Question

CNV benchmarking

1

Entering edit mode

8 months ago

emmanouil.a ▴ 120

Hi, I know how to do small germline variants benchmarking and now I want to do the same for germline CNV, to calculate sensitivity and specificity/precision.

Can you suggest me what standard sample to run on the sequencer, where to find it's true CNV set and any good benchmarking tool to use?

Thank you very much!

CNV Benchmarking • 703 views

ADD COMMENT • link updated 8 months ago by d-cameron ★ 2.9k • written 8 months ago by emmanouil.a ▴ 120

0

Entering edit mode

this kind of problem is so well-studied that we cannot tell you anything more about a best answer or best practice until you tell us what data type(s) you are working with.

ADD REPLY • link 8 months ago by LauferVA 4.2k

0

Entering edit mode

Hi, is related to Human DNAseq data (WGS for germline CNV discovery) using Illumina technology.

ADD REPLY • link 8 months ago by emmanouil.a ▴ 120

score 1 · Answer 1 · 2023-08-17

CNV benchmarking is a mess. There are multiple ways to score CNV calling and they give very different results and none of the scoring methods accurately reflect the different emphasis for different use cases.

There are two main approaches:

Per-base

Matching is done based on how much of the genome matches and how much it differs.

Per-segment

Matching is done based on whether the CN caller has both called the correct copy number and segmented the CN changes correctly.

Per-segment is more powerful but much messier. Segmentation depends on the CN resolution so you need criteria for matching as a your caller might break up a 1Mb segment into three for a 50bp deletion, but your truth set only includes CN segments greater than 100bp (or maybe it's the other way around for your data).

The problem is that neither of these approaches actually give summary metrics that correspond to the biologically meaningful information that is of most relevance to the research/clinical usage. For example, A copy number caller that has 99.99% precision&recall is still a pretty bad somatic CNV caller if it misses a 100x amplication of AR.

Matching logic

The next consideration is what you consider to be a TP/FP. Some callers just report loss/ref/gain, some expand this to total loss/hom loss/ref/gain/large gain, some report integer CN and still others report floating point (somatic subclonality means copy number isn't necessarily integer). You can report TP/FP based on an absolute or relative threshold, or you can use the absolute or relative delta to generate a distribution of how close the caller and truth are. The latter is more informative but doesn't give you precision/recall - you need to threshold it for that.

In practice, I use a combination of the techniques when developing and evaluating CNV calling.
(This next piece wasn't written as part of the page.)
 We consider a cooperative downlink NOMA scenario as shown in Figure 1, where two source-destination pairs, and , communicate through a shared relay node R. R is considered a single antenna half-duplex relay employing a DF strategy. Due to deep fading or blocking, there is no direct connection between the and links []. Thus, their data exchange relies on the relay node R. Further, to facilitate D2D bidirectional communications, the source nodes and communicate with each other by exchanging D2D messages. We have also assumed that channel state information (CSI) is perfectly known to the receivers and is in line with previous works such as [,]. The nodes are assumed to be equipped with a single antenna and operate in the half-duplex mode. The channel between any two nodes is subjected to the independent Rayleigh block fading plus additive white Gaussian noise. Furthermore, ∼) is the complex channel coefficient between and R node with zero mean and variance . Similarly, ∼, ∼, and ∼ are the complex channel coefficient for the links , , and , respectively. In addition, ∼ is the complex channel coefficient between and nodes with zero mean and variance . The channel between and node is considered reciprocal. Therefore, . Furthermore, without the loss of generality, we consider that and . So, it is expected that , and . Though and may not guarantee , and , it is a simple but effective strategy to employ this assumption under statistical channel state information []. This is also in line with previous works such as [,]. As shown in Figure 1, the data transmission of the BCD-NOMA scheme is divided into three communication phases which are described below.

There are three key criteria for CN calling: are the CN transitions correct (how many missing/extra transitions & how far away from the true transitions are the TPs?); how far off the true CN are the CN calls; can it find known biological events of interest? The final question requires a large a cohort as possible as you get at most just a handful of data points per sample. Generally speaking, I reduce these to summary metrics (precision/recall, median transition error distance) for regression tests but use the more informative distributions internally.
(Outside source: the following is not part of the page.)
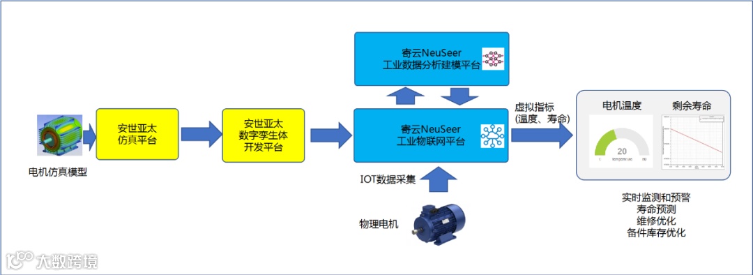国内杰出的仿真厂商安世亚太和工业互联网平台厂商寄云科技,也构建了类似Ansys与PTC Thingworx的合作联盟。通过将电机的仿真模型与真实采集的运行数据结合,构建多个基于仿真模型的虚拟传感器,实现更全面的状态监测、性能评估和预测性维护的能力。

where to find it's true CNV set

AFAIK, there are no truly comprehensive CNV truth sets out there. For human germline data, your best bet is to use the HG002 T2T to generate a CN track though realignment of the haplotypes (iterative for INS as each insertion corresponds to a copy number gain at the insertion donor site). For cancer there's a few truth sets out there of varying quality. The Hartwig COLO829 SV truth set is great for CN transition evaluation but it's not an actual CN truth set.